In the law, truth is a defense against the charge of slander, but for liberals, inconvenient truth is no defense against the charge of bigotry.
One rueful recollection from my youth was my inability to separate “truth” and “fact.” That something could be true without being fact eluded me. I was suspicious of it. It sounded like relativism, liberalism. I think I encountered that especially in literature (sorry, Mark; you were right).
I don’t think I’ve lost my bearing on the law of non-contradiction, but I now “get it.” I wonder whether the estimable Seth Godin does? I wouldn’t deny that metaphor can be true any more.
Recently, whilst staying with friends in Dickson, Tennessee, I came across an article in a local newspaper, which was nothing but a vitriolic venting of the spleen against the South’s role in the Civil War …
The author, who described herself as “a Tennessee girl,” derided those who had any sympathy with the historic South, urging her readers “to move on.” “If I need a reminder that I’m Southern,” she concluded, “I’ll eat a pot of white beans for supper. And if I want to take pride in my Tennessee roots, I’ll wear my custom-made Jalen Hurd jersey and watch him slaughter a defender on the gridiron.” For this modern Tennessee girl, therefore, there is nothing worth celebrating about being from the South except food and sports, or what the Romans would have called “bread and circuses” (panem et circenses) …
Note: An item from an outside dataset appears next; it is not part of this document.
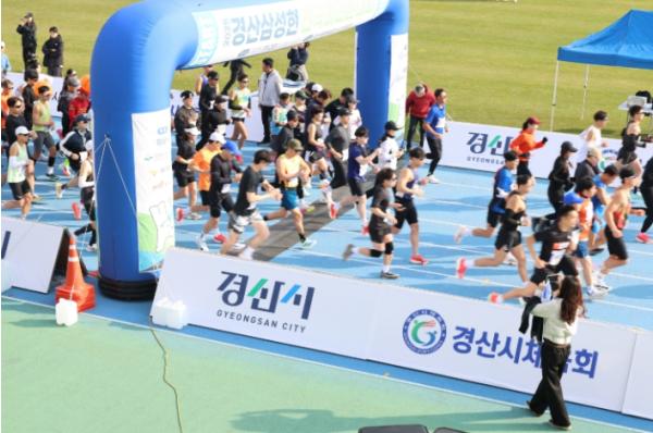 [중앙뉴스라인, 우제헌기자] 경산시는 23일 경산시민운동장에서 전국 마라톤 동호인 900여 명이 참가한 가운데 '시민 건강과 지역발전이 함께 뛰는 마라톤 축제'라는 슬로건으로“2025 경산 삼성현 전국 마라톤대회”를 개최했다.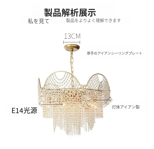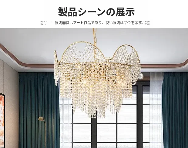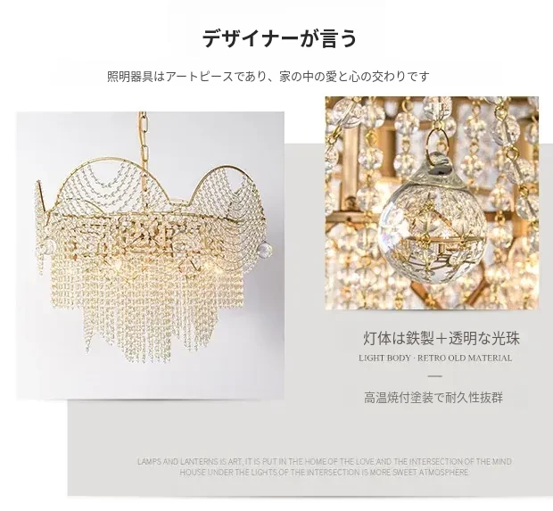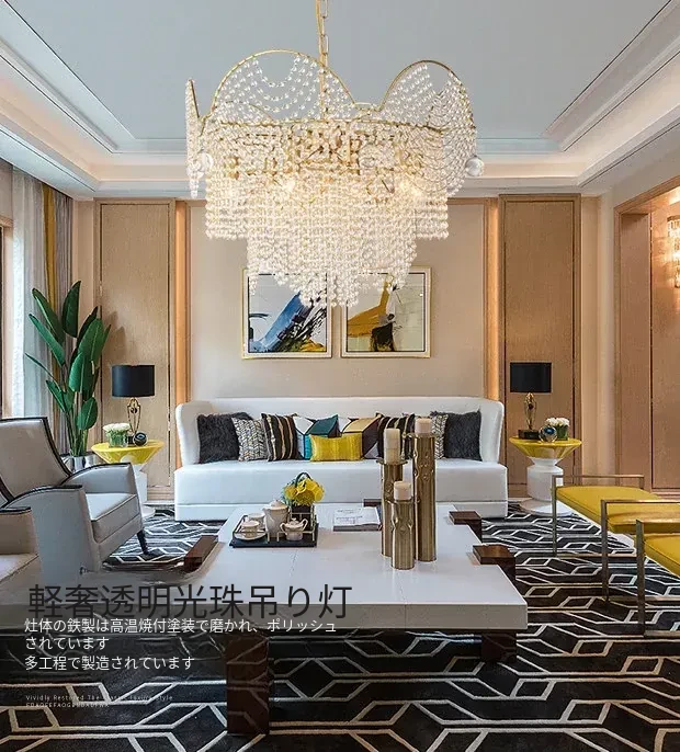アメリカンカントリー風の軽奢クリスタルリビング用シャンデリア|現代的でクリエイティブなデザインの寝室灯|デザイナーズモデルルームやダイニングにも最適!

The … South’s tragic flaw—its defense of slavery—led to the defeat of its just demand for states’ rights and the consequent rise of an ever-burgeoning Federal Government which, as the decades passed, increased its power over the individual states so that the original concept of the nation, as envisaged by the Founding Fathers, has been entirely lost. As the Federal Government gets bigger, imposing its will on an increasingly powerless people and passing laws that violate religious freedom and erode the right to conscientious objection, we see the growth of a new form of slavery. The old form of slavery is gone, thanks be to God, but the new form of slavery shows no sign of going away.
(Joseph Pearce) But, but, but … we have such good circuses, and abundant bread!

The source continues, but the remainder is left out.